Location
- 528 Highway 51 North Troy, Tennessee 38260 United States 36°20′34″N 89°09′23″W﻿ / ﻿36.3429°N 89.1563°W

Information
- School type: Public, high school
- School district: Obion County Schools
- Superintendent: Tim Watkins
- NCES School ID: 470327001406
- Principal: Chris Lownsdale
- Faculty: 52.00 (FTE)
- Grades: 9–12
- Enrollment: 652 (2024-2025)
- Colors: Red White Blue
- Athletics conference: TSSAA
- Nickname: Rebels
- Website: Official site

= Obion County Central High School =

Obion County Central High School is a public high school in Troy, Tennessee, United States. It is part of the Obion County Schools system. As of 2024–2025, it has an enrollment of approximately 652 students. The current principal is Chris Lownsdale.

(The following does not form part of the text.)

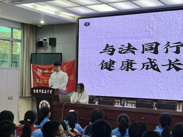宣讲员王竞辉作了“与法同行,健康成长”的主题宣讲,从法律的视角出发,向同学们普及了与校园霸凌相关的法律法规。宣讲员翟晨宇则以“反对校园霸凌,共创和谐校园”为主题进行宣讲,从校园霸凌的多个角度去分析原因,并为同学们提出了有效建议。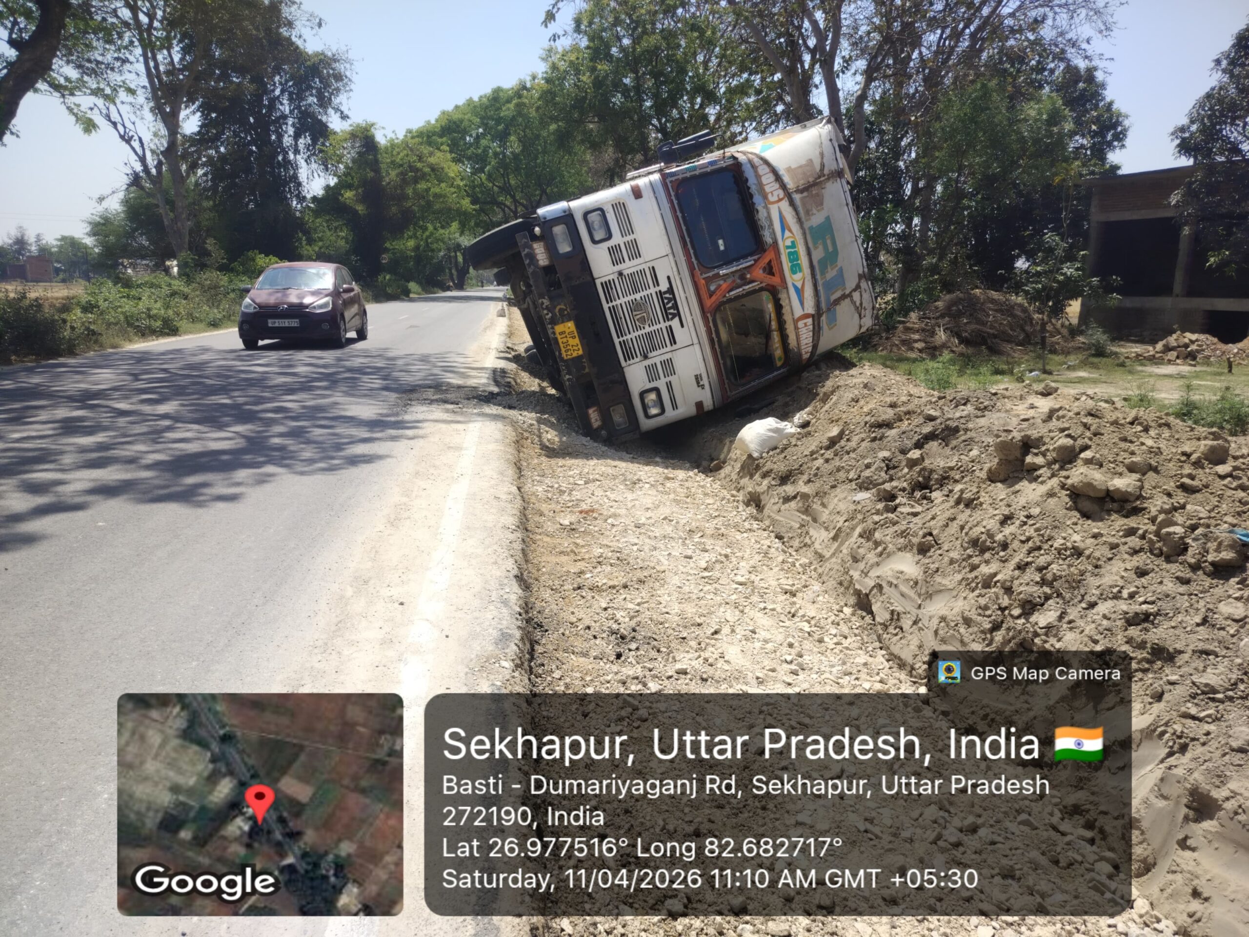बस्ती। बस्ती–डुमरियागंज मार्ग पर सड़क निर्माण कार्य के दौरान सुरक्षा मानकों की अनदेखी एक बार फिर सामने आई है। शुक्रवार देर रात लगभग 11 बजे एक चलती ट्रक सड़क पर चल रहे निर्माण कार्य के बीच असंतुलित होकर पलट गई। गनीमत रही कि इस हादसे में चालक और खलासी को केवल मामूली चोटें आईं।

In 2025, the school was ranked as a level 5 school by the Tennessee Department of Education for its student success and college-readiness for the 2023-2024 school year.

== Athletics ==
Obion County Central plays in the TSSAA's west grand division and 8th athletic district as the Rebels and Lady Rebels. OCCHS competes in baseball, basketball, cross country, football, golf, soccer, softball, tennis, track and field, and volleyball.

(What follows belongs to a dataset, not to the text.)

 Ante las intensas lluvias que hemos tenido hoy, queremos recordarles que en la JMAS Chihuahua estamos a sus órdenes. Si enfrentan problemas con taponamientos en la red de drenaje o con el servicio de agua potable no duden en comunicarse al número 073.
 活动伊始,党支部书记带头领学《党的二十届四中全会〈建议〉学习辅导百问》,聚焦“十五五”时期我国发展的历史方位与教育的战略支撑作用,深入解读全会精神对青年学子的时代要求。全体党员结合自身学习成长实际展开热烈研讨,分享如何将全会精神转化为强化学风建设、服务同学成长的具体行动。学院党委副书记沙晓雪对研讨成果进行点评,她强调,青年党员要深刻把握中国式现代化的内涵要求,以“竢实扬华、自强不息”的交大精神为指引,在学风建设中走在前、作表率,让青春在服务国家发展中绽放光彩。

The Rebels hold the following titles:

OCCHS has also made numerous state tournament appearances for football and boys' cross country. The co-ed cheerleading also won the Deep South Beach Nationals Coed Non-Tumble Championship.

Team State Titles
| Year | Sport | Class | Award | Details |
|---|---|---|---|---|
| 1922 | Girls' Basketball |  | Runner-Up |  |
| 1986 | Boys' Basketball | AA | Champions | (34-5) |
| 1985 | Girls' Basketball | AA | Runner-Up | (28-6) |
| 2012 | Girls' Basketball | AA | Runner-Up | (35-3) |

Individual State Titles
| Year | Sport | Class | Award | Details / Name |
|---|---|---|---|---|
| 2000 | Girls' Cross Country | A-AA | Runner-Up | Jill Konkil |
| 2002 | Girls' Cross Country | A-AA | Runner-Up | Jill Konkil |

== Controversy ==
In 2015, the students and community reacted against the director of schools' decision in removing the confederate flag from the school's signage. Multiple individuals, including a member of the Obion County School Board, labelled it an act of history erasure.

In 2022, the treasurer for the school's baseball booster club was indicted for financial fraud and theft of the club's funds. This followed an active investigation made by the Tennessee Comptroller's Office, responsible for public funds.